Problem — Exactly as they appear, retype the lines from the one containing "個室の入り口には欄間、天井か" through the final line of the data below. Leave pictures out.

Data for review —
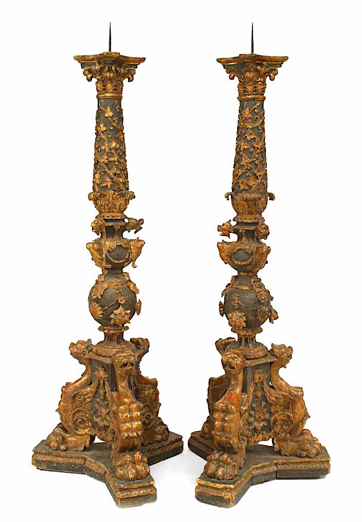 PAIR of Italian Renaissance-style (17th Century) dark green painted large floor standing altar style candlesticks with gilt carved floral and vine trim supported on base with 3 griffins (PRICED AS PAIR).
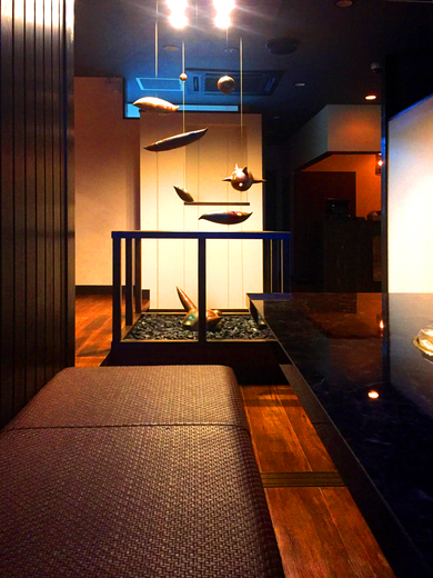 個室の入り口には欄間、天井からはシャンデリアなど和洋折衷の異空間をつくりました。
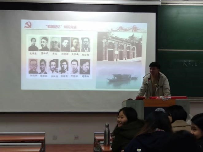 第三部分活动是看图猜谜、猜红色谜语活动,通过这些丰富的形式,由团支书带领,大家一起重温了“祖国记忆”。竞猜环节中,同学们积极回答问题,气氛高涨,每个问题回答者也都会进行答案的讲解,使在场同学都能在参与的同时温习知识。
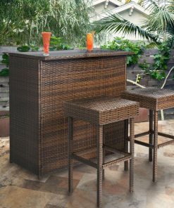 Weather-resistant wicker material construction makes this bar set great for outdoor use
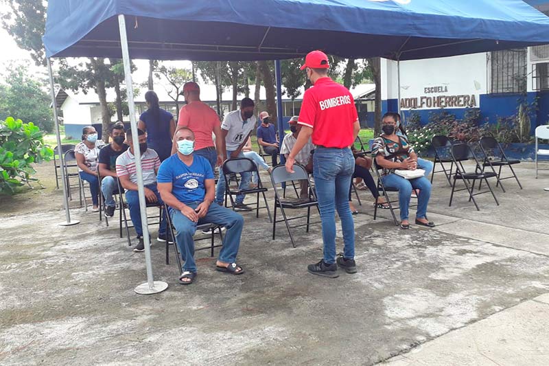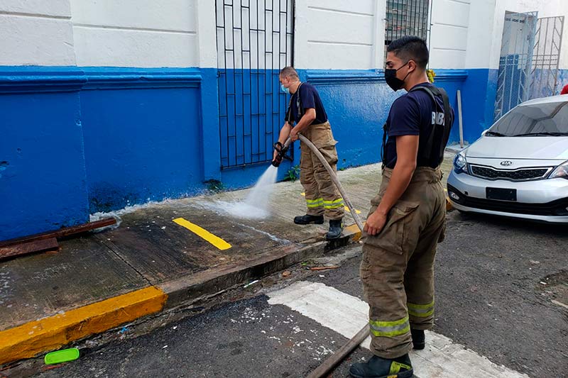 En Panamá, personal de Extinción, Búsqueda y Rescate de Panamá Metro de la Estación Plaza Amador apoyó la limpieza de la Escuela Manuel J. Hurtado, para la jornada de vacunación. PanaVac19.
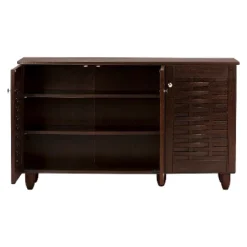Neatly store your shoes in an organized manner with theses Winda shoe cabinets. The shoe rack has ample shelving space to store your footwear while the doors keep the shoes out of sight for a piece of mind. These shoe cabinets are made of engineered wood, a range of derivative wood products which are manufactured by binding or fixing the strands, particles, fibers, or veneers or boards of wood, together with adhesives, or other methods of fixation to form composite materials., which is known for its practicality of everyday use. The wooden shoe cabinets’ design and finish give these cabinets a grand and classic look to hold your entryway essentials and clusters. Made in Malaysia, the shoe cabinet requires assembly. Dimensions: 26.33″ High x 44.46″ Wide x 13.1″ Deep; Shelf/Drawer1: 6.42″ High x 28.03″ Wide x 9.25″ Deep; Shelf/Drawer2: 6.93″ High x 28.03″ Wide x 9.25″ Deep; Shelf/Drawer3: 7.17″ High x 28.03″ Wide x 11.73″ Deep; Shelf/Drawer4: 6.42″ High x 14.02″ Wide x 9.25″ Deep; Shelf/Drawer6: ” High x ” Wide x ” Deep; Shelf/Drawer6: 7.17″ High x 14.02″ Wide x 9.25″ Deep;

Response to this task —
 個室の入り口には欄間、天井からはシャンデリアなど和洋折衷の異空間をつくりました。
 第三部分活动是看图猜谜、猜红色谜语活动,通过这些丰富的形式,由团支书带领,大家一起重温了“祖国记忆”。竞猜环节中,同学们积极回答问题,气氛高涨,每个问题回答者也都会进行答案的讲解,使在场同学都能在参与的同时温习知识。
 Weather-resistant wicker material construction makes this bar set great for outdoor use
 En Panamá, personal de Extinción, Búsqueda y Rescate de Panamá Metro de la Estación Plaza Amador apoyó la limpieza de la Escuela Manuel J. Hurtado, para la jornada de vacunación. PanaVac19.
Neatly store your shoes in an organized manner with theses Winda shoe cabinets. The shoe rack has ample shelving space to store your footwear while the doors keep the shoes out of sight for a piece of mind. These shoe cabinets are made of engineered wood, a range of derivative wood products which are manufactured by binding or fixing the strands, particles, fibers, or veneers or boards of wood, together with adhesives, or other methods of fixation to form composite materials., which is known for its practicality of everyday use. The wooden shoe cabinets’ design and finish give these cabinets a grand and classic look to hold your entryway essentials and clusters. Made in Malaysia, the shoe cabinet requires assembly. Dimensions: 26.33″ High x 44.46″ Wide x 13.1″ Deep; Shelf/Drawer1: 6.42″ High x 28.03″ Wide x 9.25″ Deep; Shelf/Drawer2: 6.93″ High x 28.03″ Wide x 9.25″ Deep; Shelf/Drawer3: 7.17″ High x 28.03″ Wide x 11.73″ Deep; Shelf/Drawer4: 6.42″ High x 14.02″ Wide x 9.25″ Deep; Shelf/Drawer6: ” High x ” Wide x ” Deep; Shelf/Drawer6: 7.17″ High x 14.02″ Wide x 9.25″ Deep;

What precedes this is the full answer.